Ensuite, des tensions intercommunautaires opposent la communauté Twa, qui représente environ 5 % de la population, à la majorité bantoue. Ces conflits, déjà existants, risquent de s’aggraver si les décisions et projets liés à l’exploitation du lithium ne prennent pas en compte les intérêts de toutes les parties concernées. Il est donc essentiel que les initiatives mises en place favorisent la cohésion sociale au lieu d’exacerber les divisions.
Le lithium de Manono : une richesse convoitée aux enjeux multiples
La RDC détient d’importantes réserves mondiales de lithium, un minerai stratégique pour la transition énergétique. Le projet d’exploitation du lithium à Manono représente donc une opportunité économique majeure pour le pays et pour la province du Tanganyika. Selon les estimations, les réserves de lithium s’élèvent à 400 millions de tonnes, ce qui attire de nombreux investisseurs.
Cependant, plusieurs préoccupations demeurent. L’impact réel des retombées économiques sur les populations locales reste incertain, tandis que des conflits juridiques opposent l’État congolais à certaines entreprises minières.

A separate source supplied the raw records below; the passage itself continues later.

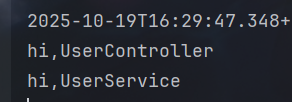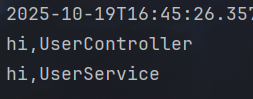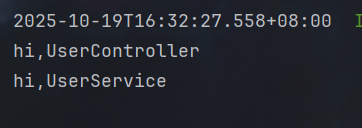 public class UserController {//属性注入@Autowiredprivate UserService userService;public void sayHi() {System.out.println("hi,UserController");userService.sayHi();}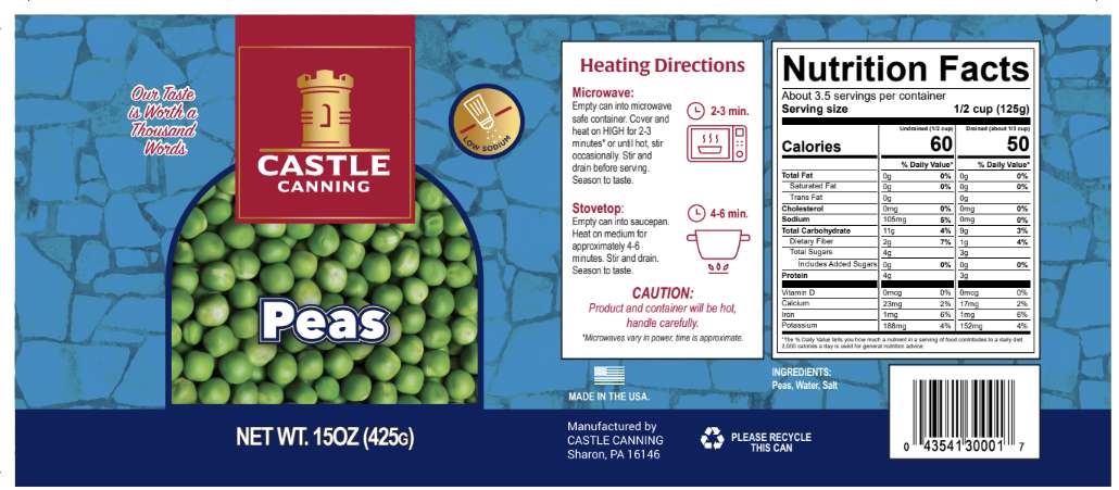 Enjoy low-sodium canned peas as a side dish, ready to heat and serve for quick, delicious food anytime. Each can is 15 oz for a satisfying meal. Ideal for food donations, food programs, or organizations seeking bulk shelf-stable food supplies.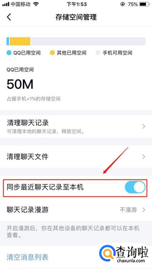打开“同步最近聊天记录至本机”按钮,聊天记录就可以恢复啦。

De plus, l’exploitation du lithium pourrait engendrer des conséquences environnementales et sociales, qu’il convient d’anticiper pour préserver les conditions de vie des communautés locales.
Des recommandations pour un développement durable
Face à ces enjeux, Sentinelle et Afrewatch formulent plusieurs recommandations. La première concerne la clarification du statut administratif de Manono afin de permettre à la cité de jouer un rôle actif dans les négociations. La deuxième insiste sur la nécessité de garantir une répartition équitable des bénéfices issus de l’exploitation du lithium afin que les populations locales en tirent profit.
En outre, il est impératif de renforcer les capacités des communautés locales en leur fournissant des formations sur leurs droits, le développement local et les cahiers des charges. Enfin, la mise en place de mécanismes de dialogue est essentielle pour éviter l’aggravation des tensions intercommunautaires et favoriser une gestion concertée du projet minier.
Cette étude, réalisée en collaboration avec les communautés locales, marque une étape essentielle pour une exploitation plus responsable et inclusive du lithium de Manono.